Sur Saint-John d’Orange de Basile Szymanski

I want a hero : an uncommon want,
When every year and month sends forth a new one
Lord Byron

Et c’est encore une fois que je n’aurai pas eu la présence d’esprit de me pénétrer du fait de la présence des choses ! J’aurais pu la dévisager pour toujours et l’écouter pour jamais et prendre sa formule sur le vif ! Au lieu de cela, j’ai pensé, à quoi ? à tout ! Et c’est passé.
Jules Laforgue

La définition de la seconde (la seconde est la durée de 9 92 631 77 périodes de la radiation correspondant à la transition entre deux hyperfins de l’état fondamental de l’atome de césium 133) est plus longue que la seconde.
Nathalie Quintane

À Johanna L.

PLEIN-SOLEIL--4-

Maintenant, voilà : Basile Szymanski possède aussi un talent d’auto-éditeur et, s’il pouvait me pardonner cette indélicatesse, à moi qui ne le connais de nulle part, et à moins que l’Éditeur de ses rêves ne le reçoive à bras ouverts, j’aimerais le voir, à l’avenir, publier ses livres lui-même par le biais d’un site d’impression à la demande, pourquoi ? Parce que cela reviendrait, sans tendre un euro, sans abandonner le moindre de ses droits d’auteur, à produire le manuscrit prêt-à-clicher qu’il a su fournir aux éditions l’Harmattan selon les instructions jointes à un contrat dont on connaît les alinéas stupéfiants.
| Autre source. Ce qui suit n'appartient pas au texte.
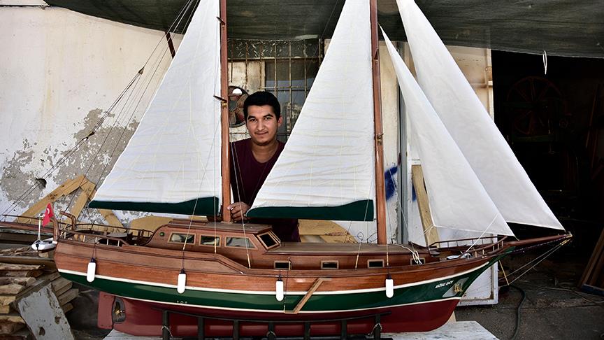 Bodrum ilçesinde, babasının yardımıyla öğrendiği tekne yapımını geliştiren Serkan Köse (18), yaptığı iki metrelik "Aynakıç" modeli tekne maketi ile ilgi odağı oldu.

Alinéas sur lesquels je ne me répandrai pas, mais qui font que son premier livre souffre vraisemblablement, aujourd’hui en tout cas, de la mauvaise réputation de la maison qui possède le fonds d’édition le plus important de France. Cette réputation fait que, même si les jeunes auteurs de l’Harmattan bénéficiaient des services d’un attaché de presse agressif, ce qui n’a pas l’air d’être le cas, les journalistes littéraires s’interdiraient malgré tout d’écrire sur leurs livres.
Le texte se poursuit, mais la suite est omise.